• **AIM OF THE EXERCISE**:
After locating the line that contains "GaoBao - جراب", transcribe exactly that line and each one after it until the data ends, skipping pictures.
= = = = = = =
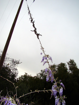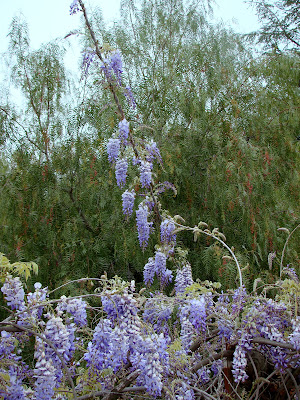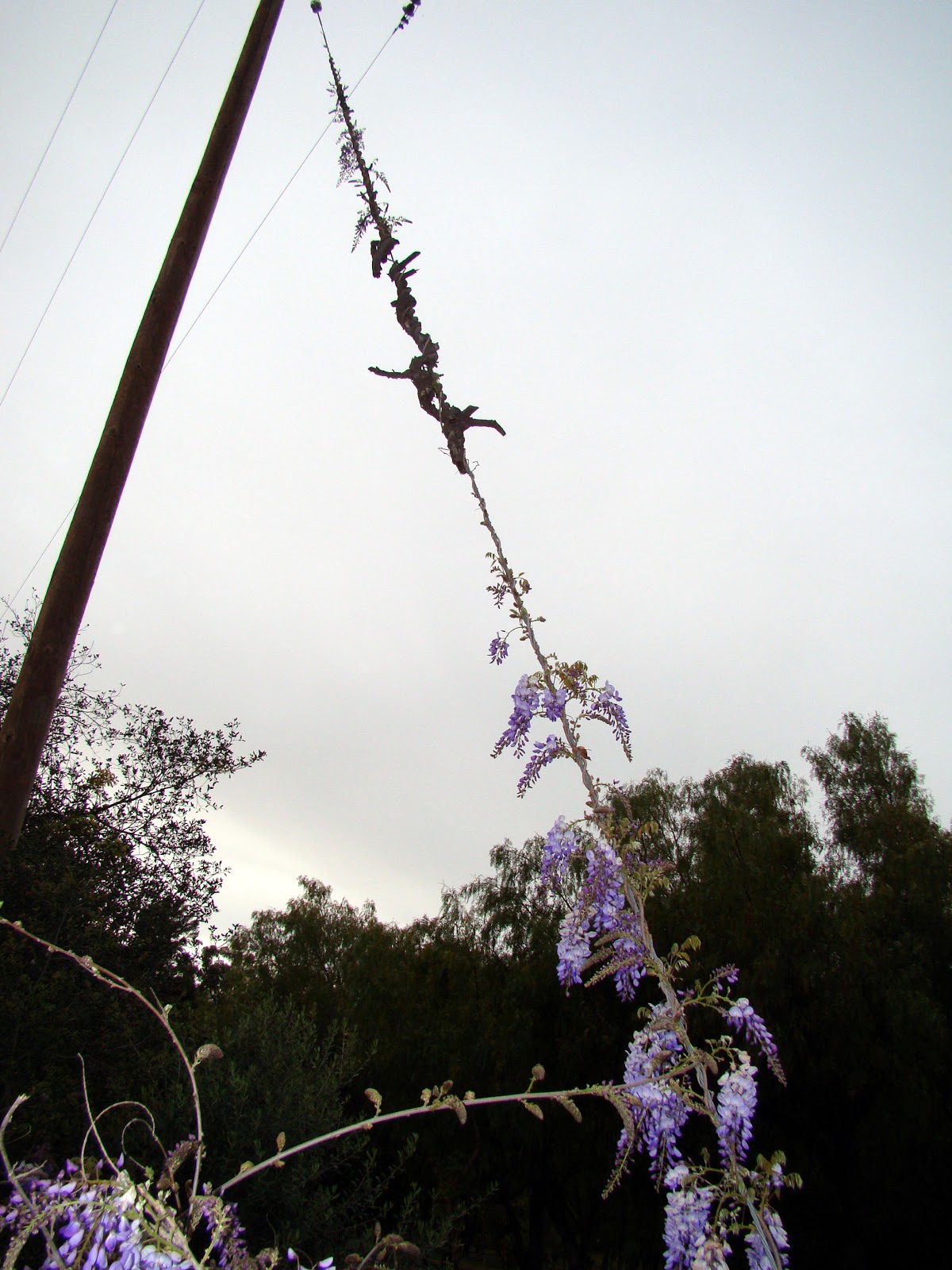 After I nearly missed the plum flowers, I made wisteria my priority. Our neighbor, down at the corner of the main road, grows wisteria along the fence line protecting the orchards from the deer, and whatever else threatens orchards. It is abloom now, the wisteria, which grows only to sashay along a fence line.
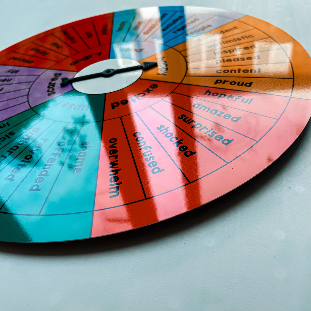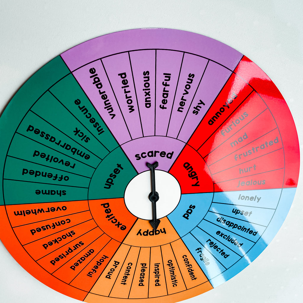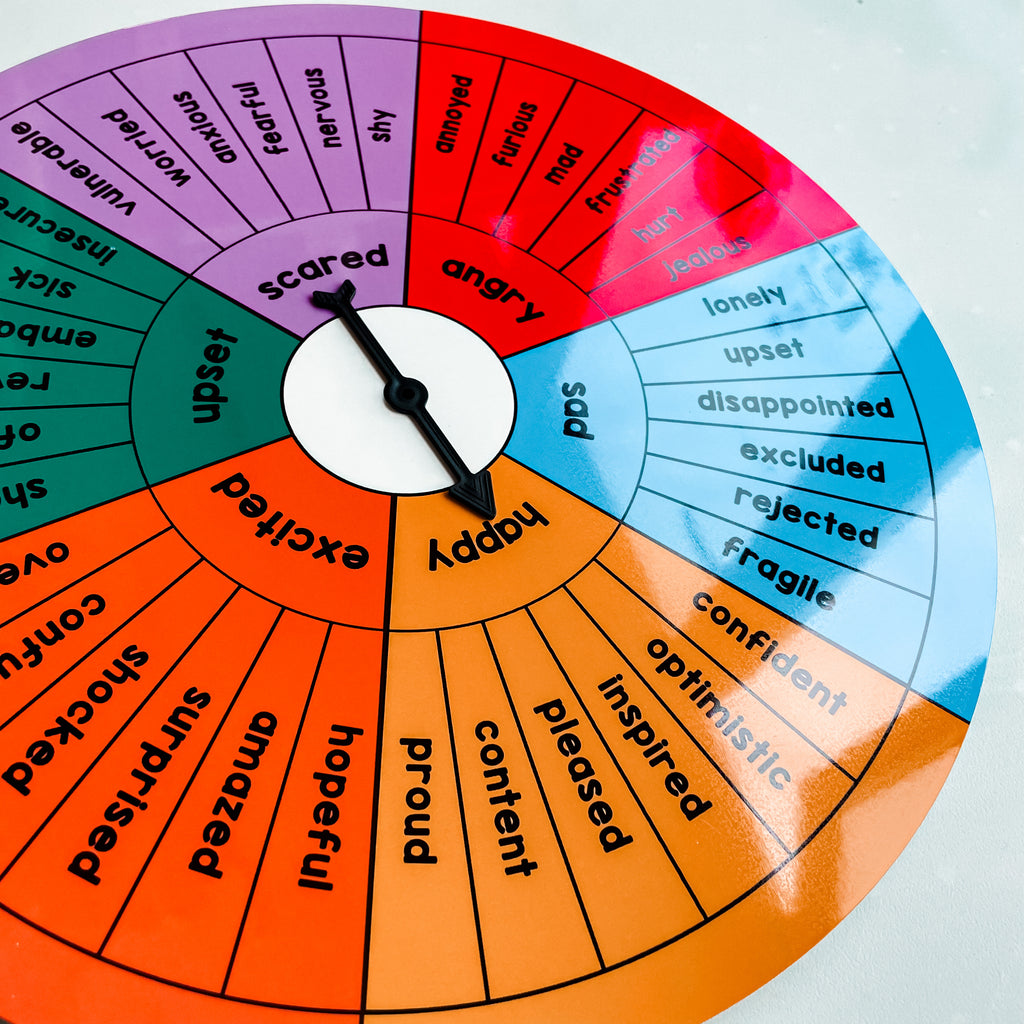 This emotions wheel is crafted to enhance your child's understanding of emotions. It allows for exploration of a wider range of feelings beyond the 6 basic ones taught in early childhood. Utilise this tool to spark discussions about various experiences and their accompanying emotions. This can help your child develop an awareness of the connection between feelings and emotions.
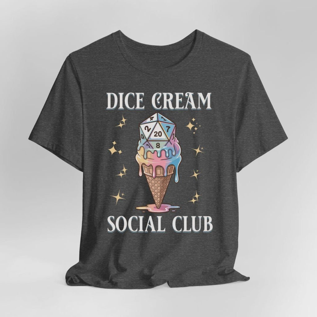 Introducing the sweetest D&D-inspired tee you’ll ever wear—Dice Cream Social Club! This playful design features a pastel d20 dice scoop melting over a waffle cone, complete with shimmering stars and vintage-style text. Whether you’re a dice goblin, critical hit connoisseur, or just a fan of tabletop treats, this shirt is perfect for game nights, summer sessions, or showing off your love for all things nerdy and nostalgic. Great gift for D&D players, dungeon masters, and anyone who thinks ice cream and imagination are the ultimate combo.
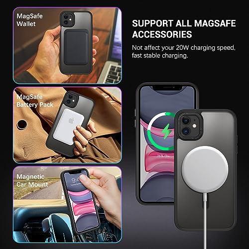 GaoBao - جراب موبايل آيفون 11 متوافق مع ماج سيف من جاوباو، جراب مغناطيسي هجين شفاف غير لامع، غطاء كاميرا نحيف مضاد للصدمات ومضاد للخدش لموبايل آيفون 11 6.1 بوصة، لون أسود
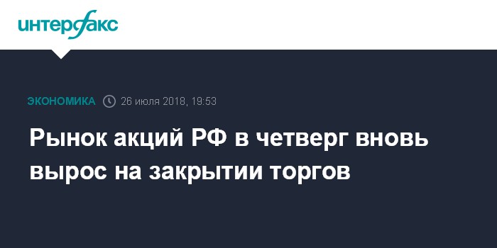 Рынок акций РФ в четверг вновь вырос на закрытии торгов
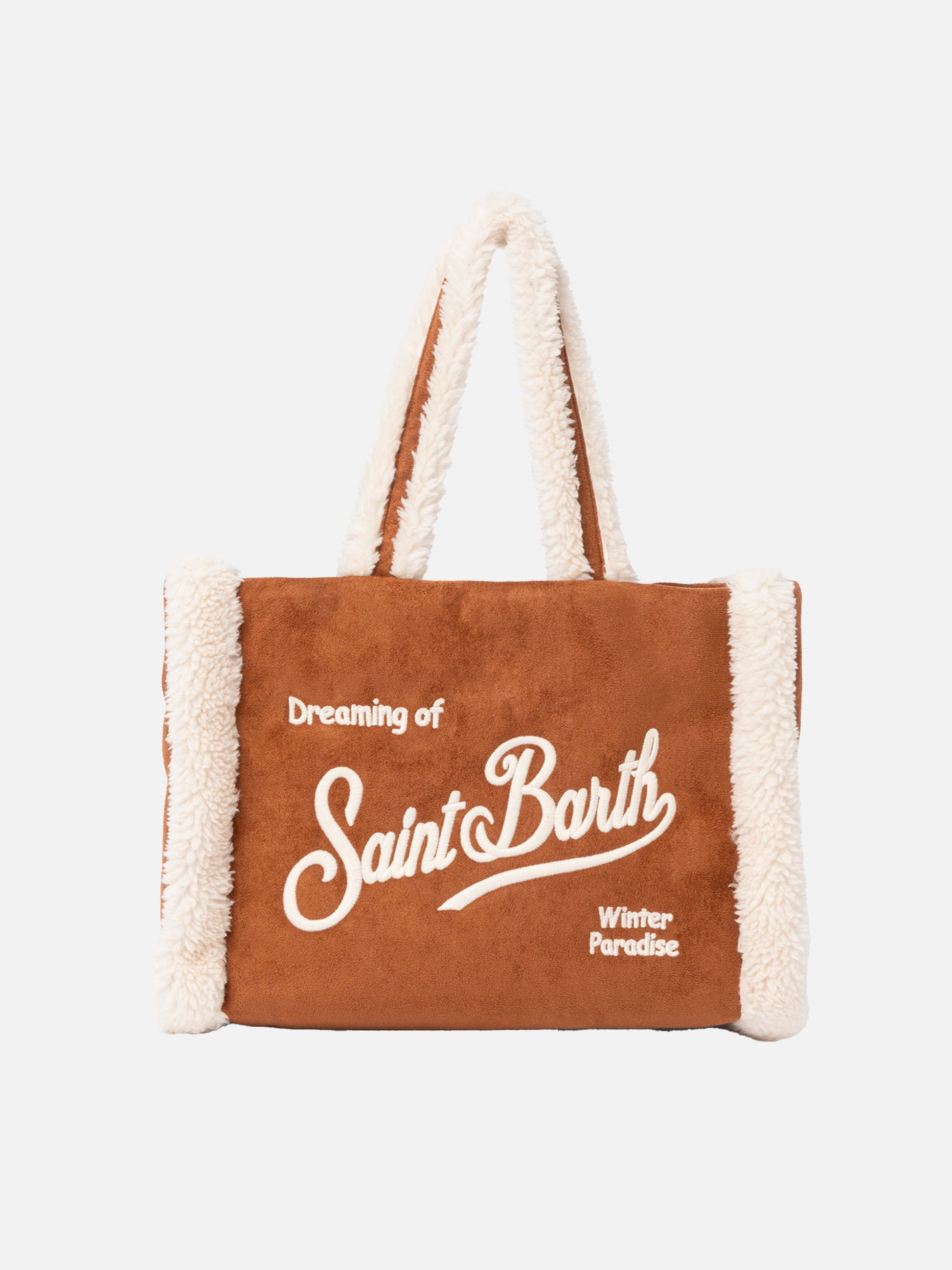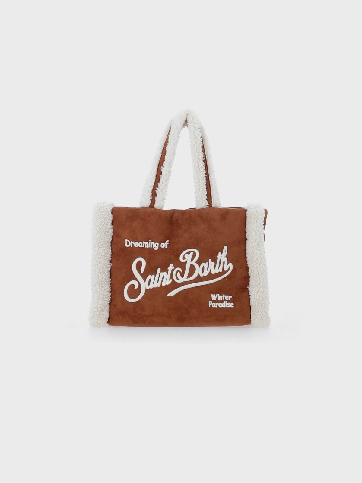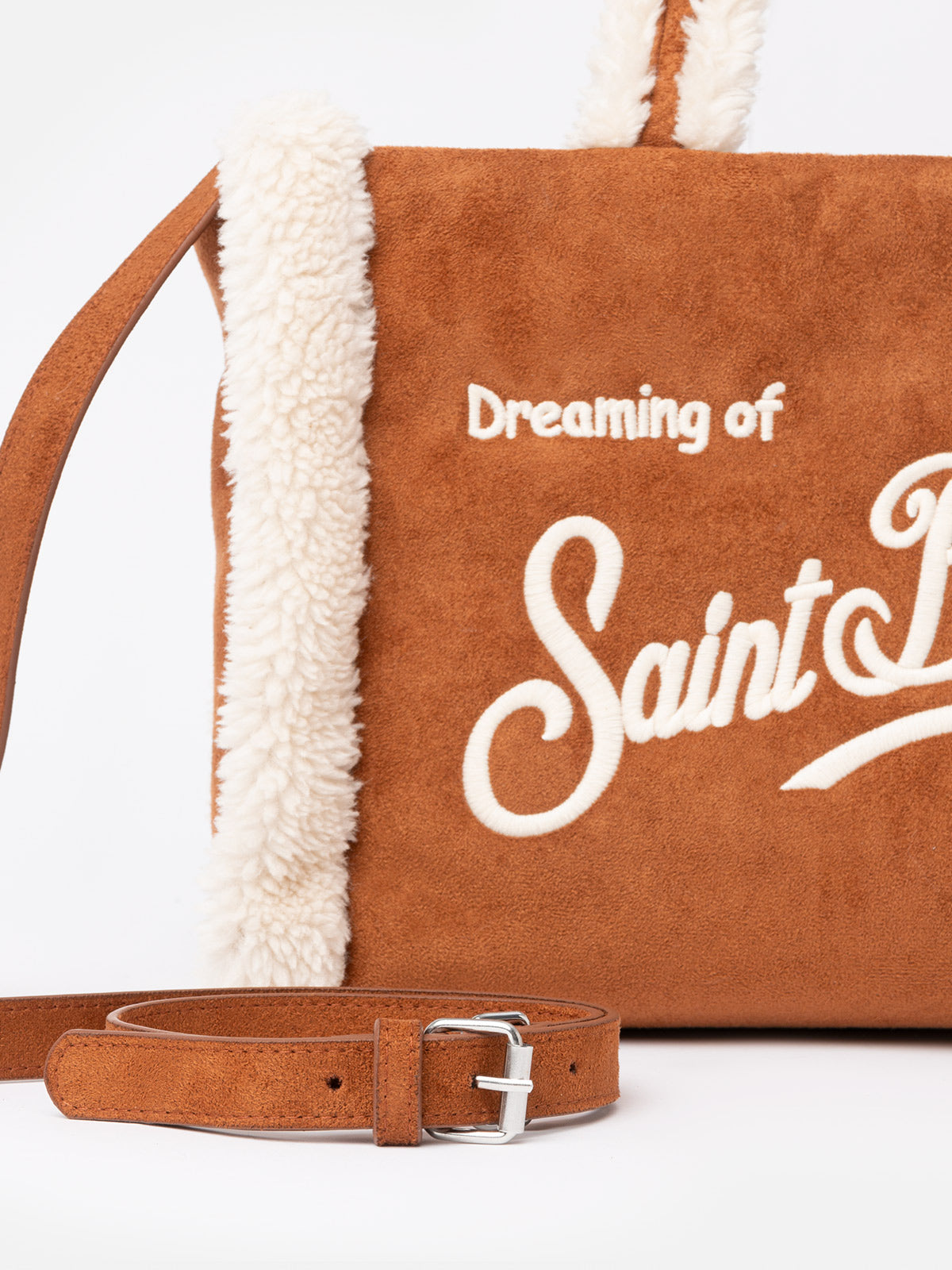 Borsa piccola morbida in pelle di montone color cammello con logo Saint Barth e tracolla
= = = = = = =
• **SOLUTION TO THE PROBLEM**:
 GaoBao - جراب موبايل آيفون 11 متوافق مع ماج سيف من جاوباو، جراب مغناطيسي هجين شفاف غير لامع، غطاء كاميرا نحيف مضاد للصدمات ومضاد للخدش لموبايل آيفون 11 6.1 بوصة، لون أسود
 Рынок акций РФ в четверг вновь вырос на закрытии торгов
 Borsa piccola morbida in pelle di montone color cammello con logo Saint Barth e tracolla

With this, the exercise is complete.